The problem
In the copy, keep every word of the data below and none of its pictures.

[Entries shown]

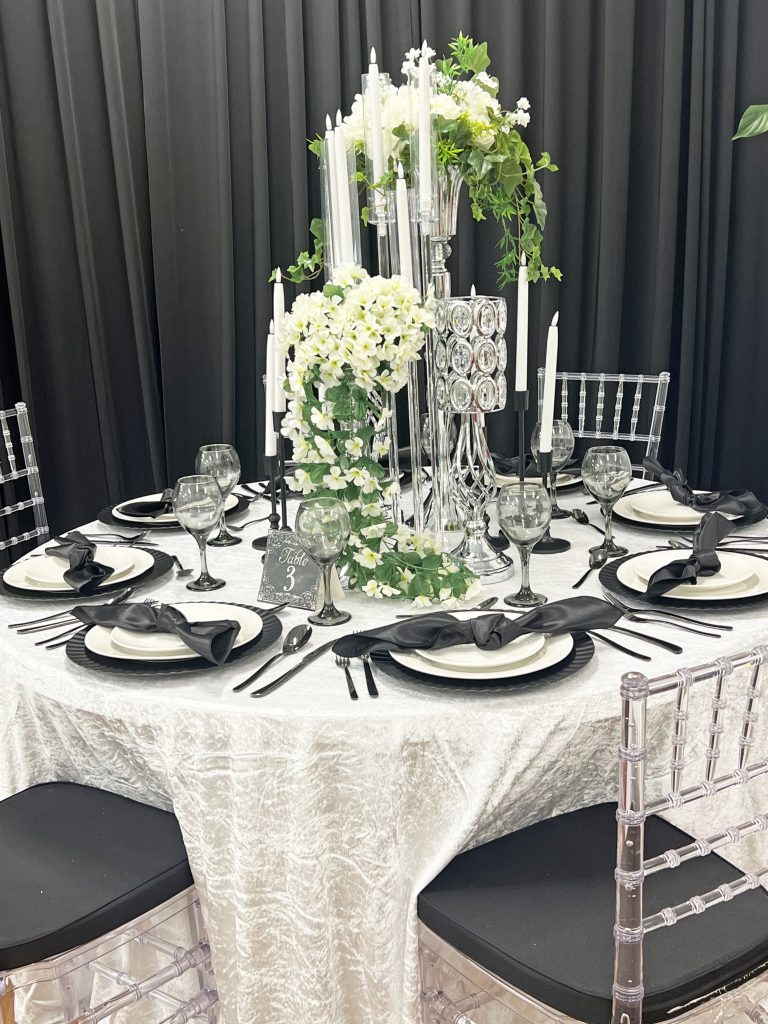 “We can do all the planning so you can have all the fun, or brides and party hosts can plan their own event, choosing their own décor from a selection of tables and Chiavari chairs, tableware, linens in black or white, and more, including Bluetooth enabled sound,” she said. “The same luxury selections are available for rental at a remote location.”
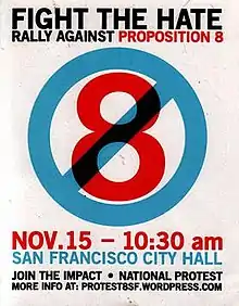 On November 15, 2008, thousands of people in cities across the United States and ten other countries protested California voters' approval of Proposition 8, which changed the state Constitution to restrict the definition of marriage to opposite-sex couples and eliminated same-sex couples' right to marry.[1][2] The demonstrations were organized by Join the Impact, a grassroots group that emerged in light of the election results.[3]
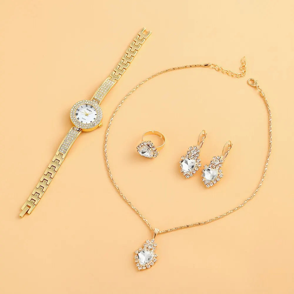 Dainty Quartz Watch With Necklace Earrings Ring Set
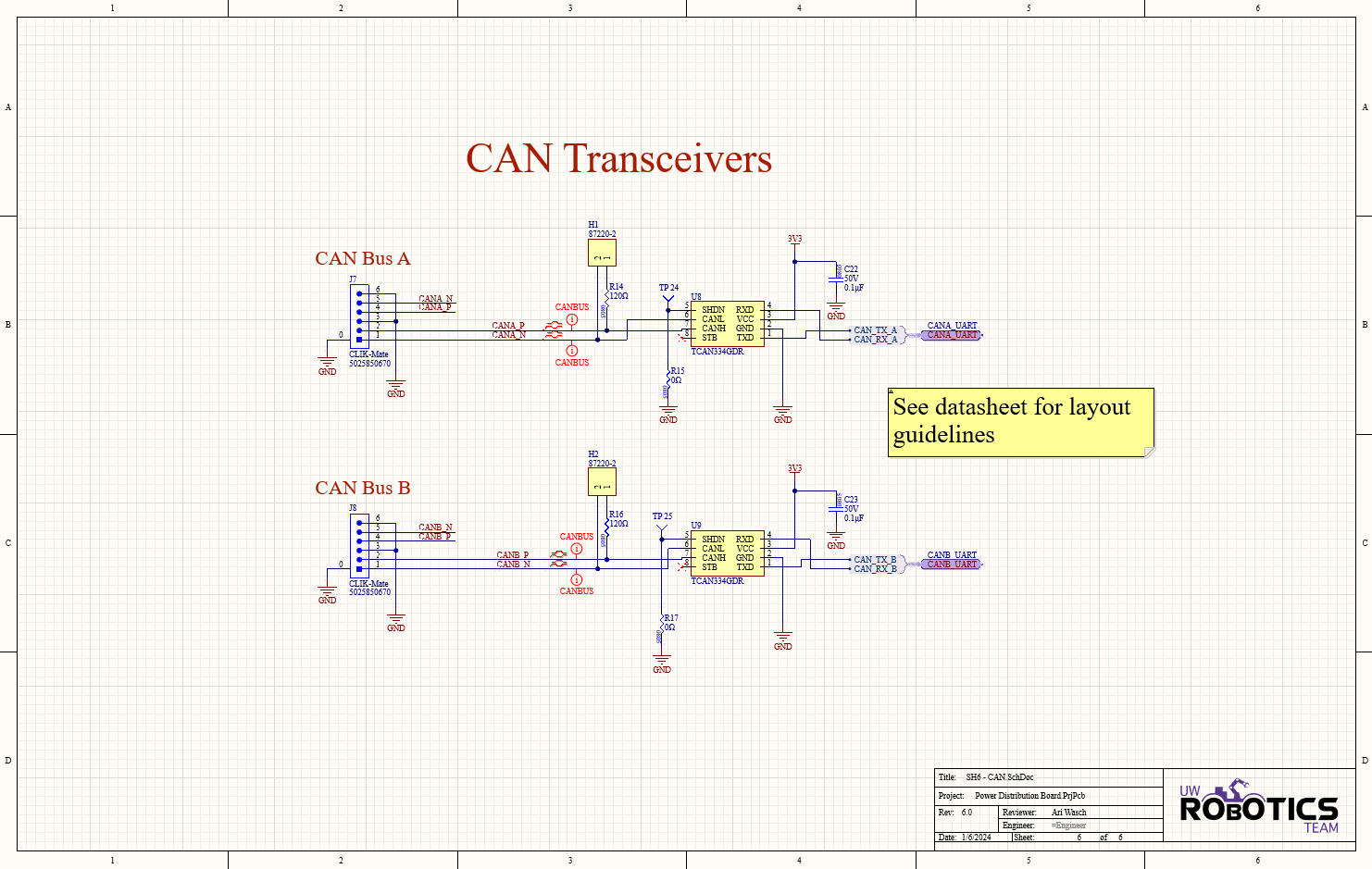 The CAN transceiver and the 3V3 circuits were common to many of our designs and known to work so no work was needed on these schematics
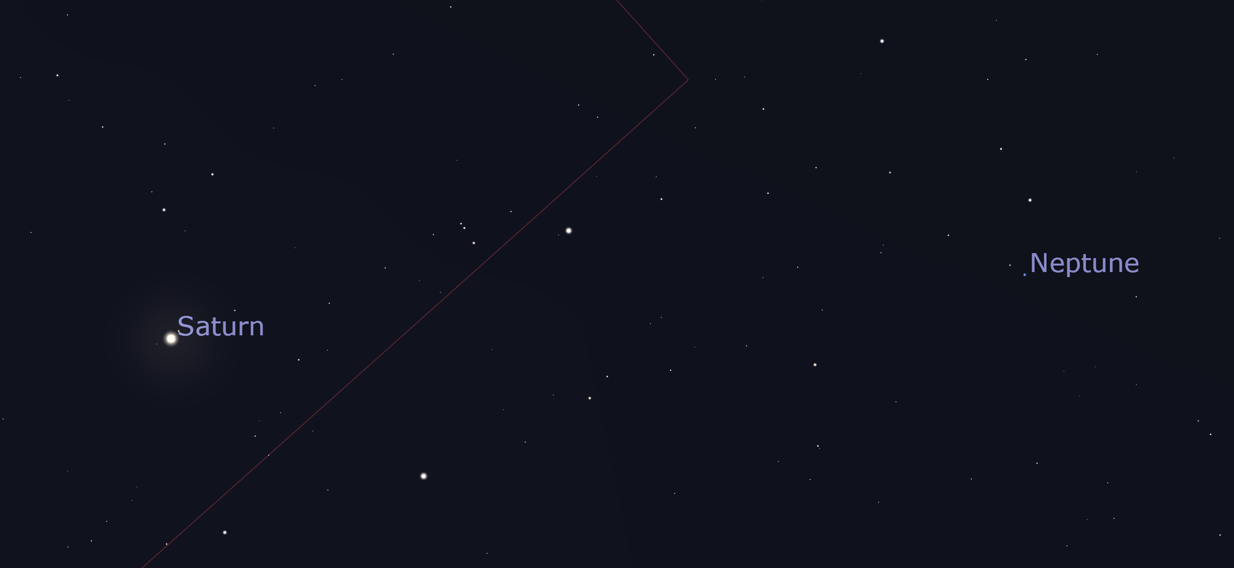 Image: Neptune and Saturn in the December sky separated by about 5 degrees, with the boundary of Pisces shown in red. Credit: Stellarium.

[/Entries shown]

Reply to the task
 “We can do all the planning so you can have all the fun, or brides and party hosts can plan their own event, choosing their own décor from a selection of tables and Chiavari chairs, tableware, linens in black or white, and more, including Bluetooth enabled sound,” she said. “The same luxury selections are available for rental at a remote location.”
 On November 15, 2008, thousands of people in cities across the United States and ten other countries protested California voters' approval of Proposition 8, which changed the state Constitution to restrict the definition of marriage to opposite-sex couples and eliminated same-sex couples' right to marry.[1][2] The demonstrations were organized by Join the Impact, a grassroots group that emerged in light of the election results.[3]
 Dainty Quartz Watch With Necklace Earrings Ring Set
 The CAN transceiver and the 3V3 circuits were common to many of our designs and known to work so no work was needed on these schematics
 Image: Neptune and Saturn in the December sky separated by about 5 degrees, with the boundary of Pisces shown in red. Credit: Stellarium.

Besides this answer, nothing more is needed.